За этими рассуждениями он так далеко ушел от современности, что не совсем точно представлял себе, какой сейчас в Германии строй: республика или все еще империя Гогенцоллернов. Да и какая разница! Сколько ни пережила Германия режимов — ни один из них не оказал существенного влияния на изучение Шиллера. Все эти социальные системы отличаются только названиями: республика, империя и так до бесконечности. Ему и в голову не приходило вмешиваться в такие пустяки. Зачем? В один прекрасный день все эти слова смолкнут перед великой Поэзией.
Разумеется, как и у каждого человека, у него тоже была любовная история. О ней было так же стыдно вспоминать, как и о ранении, которое он получил на фронте, — как раз под животом.
— Дорогая моя Хильдегард, — говорил он, краснея, — уверяю тебя, эта… это… словом, это не делает меня непригодным к супружеской жизни. Вот доказательство.
Впоследствии, когда годы наложили печать цинизма и на господина Кремера, он иногда думал, что зря не предъявил невесте более убедительное доказательство, чем жалкая медицинская справка. Их отношения охладились. Господину Кремеру в конце-концов надоело, что невеста смотрит на его частичное увечье («Частичное, моя дорогая, частичное») как на плоды порочного деяния, в котором он тайно принимал участие. Награжденный Железным Крестом, он мог бы после войны получить пост директора. Но мысль о том тяжком, тайном кресте, который он и так был вынужден носить, к сожалению, умерила его патриотический пыл. Его заподозрили в пораженческих настроениях. И тот факт, что он столь мало старался проявить себя настоящим немцем, окончательно убедил невесту в непригодности его благородных органов. Будучи женщиной сердечной, она вышла замуж за героя, потерявшего ногу, но отнюдь не патриотизм!
В силу такого стечения обстоятельств военные воспоминания господина Кремера настолько перепутались с воспоминаниями любовными, что вскоре опустевшее по вине людей место на теле и боль сердечной пустоты слились для него в единый сплав горечи, и порой ему казалось, будто и сердце и левое яичко сразил один и тот же удар, хотя подобные мысли не вязались с его возвышенными понятиями о любви.

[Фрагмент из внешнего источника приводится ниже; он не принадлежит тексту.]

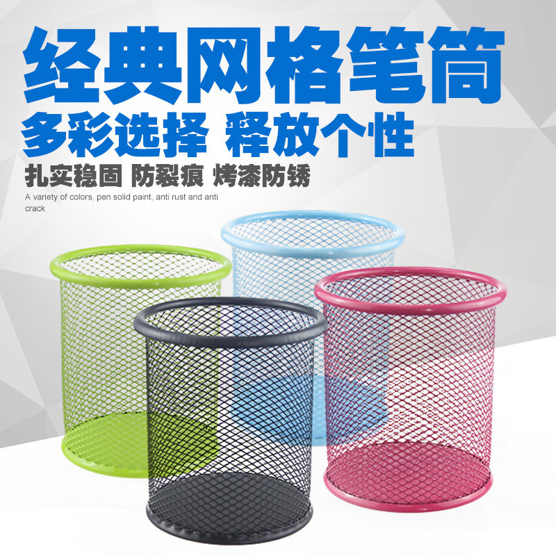 创意办公笔筒肥布金属网格圆形笔筒铁丝网状笔筒桌面文具办公用品

«Фашизм, — думал он вначале, — это дешевый балаган на улицах и в правительстве. Скоро всех загонят назад в их пивные или посадят в тюрьму. Скоро старая добрая Германия накажет своих расшалившихся детей».
К первым проявлениям фашизма он отнесся философски, сдержанно и осмотрительно, как и полагается старому, испытанному гуманисту. Декрет о телесных наказаниях вызвал у него улыбку. Но когда он узнал, что его коллеги для вящей убедительности применяют этот декрет на спинах еврейских учеников, тонкий побег сорняка пророс в его чистом от всякого зла мозгу. Остальное сделал пожар в синагоге.
Синагога загорелась поздно вечером. К утру остался лишь почерневший остов. Два дня дымилась мертвая синагога над Штилленштадтом. Окно его квартиры на шестом этаже выходило во двор, и господин Кремер смотрел на высокую балку, торчащую посреди пепелища как обвиняющая рука, указывающая на христианский фасад старого дома.
Счастье еще, что со времени нашествия коричневорубашечников евреи не часто ходили в свой храм, так что, когда загорелась синагога, в ней находился всего один верующий. Больше жертв не было. Однако еще целую неделю соседи жаловались, что от развалин дух идет. Пахнет, полагали они, старым евреем, которого дым уносит в мирное небо Штилленштадта.
Этот погребальный дух очень неприятно щекотал ноздри господину Кремеру. Своему коллеге и другу господину Гартунгу, который всегда заговаривал с ним о евреях, господин Кремер сказал, что его, Гартунга, речи полны огня. Тот сделал вид, что не понял намека, но очарование дружбы было разрушено: в этот день после занятий они пошли врозь, на расстоянии пятнадцати метров друг от друга по той самой улице, по которой утром и вечером, начиная с первого октября 1919 года, ходили только вместе.
Однако механизм, который должен будет привести нашего деликатного гуманиста в концлагерь, еще не был как следует запущен. Когда колесо смерти сделало свой первый оборот, он был таким медленным, что господин Кремер его просто не почувствовал.
Школа насчитывала около пятнадцати «еврейских гостей» (как теперь любили называть учеников еврейского происхождения) и примерно столько же членов организации юных гитлеровцев. Но когда последние напали во дворе под каштаном на евреев, многие «аполитичные» ученики (детская душа — загадка) приняли сторону юных гитлеровцев в этой военной игре. Соединение евреев было смято, и на глазах у всех учителей победители, издеваясь над пленными, поволокли их через весь двор, а учителя старательно отводили рассеянный взгляд в сторону.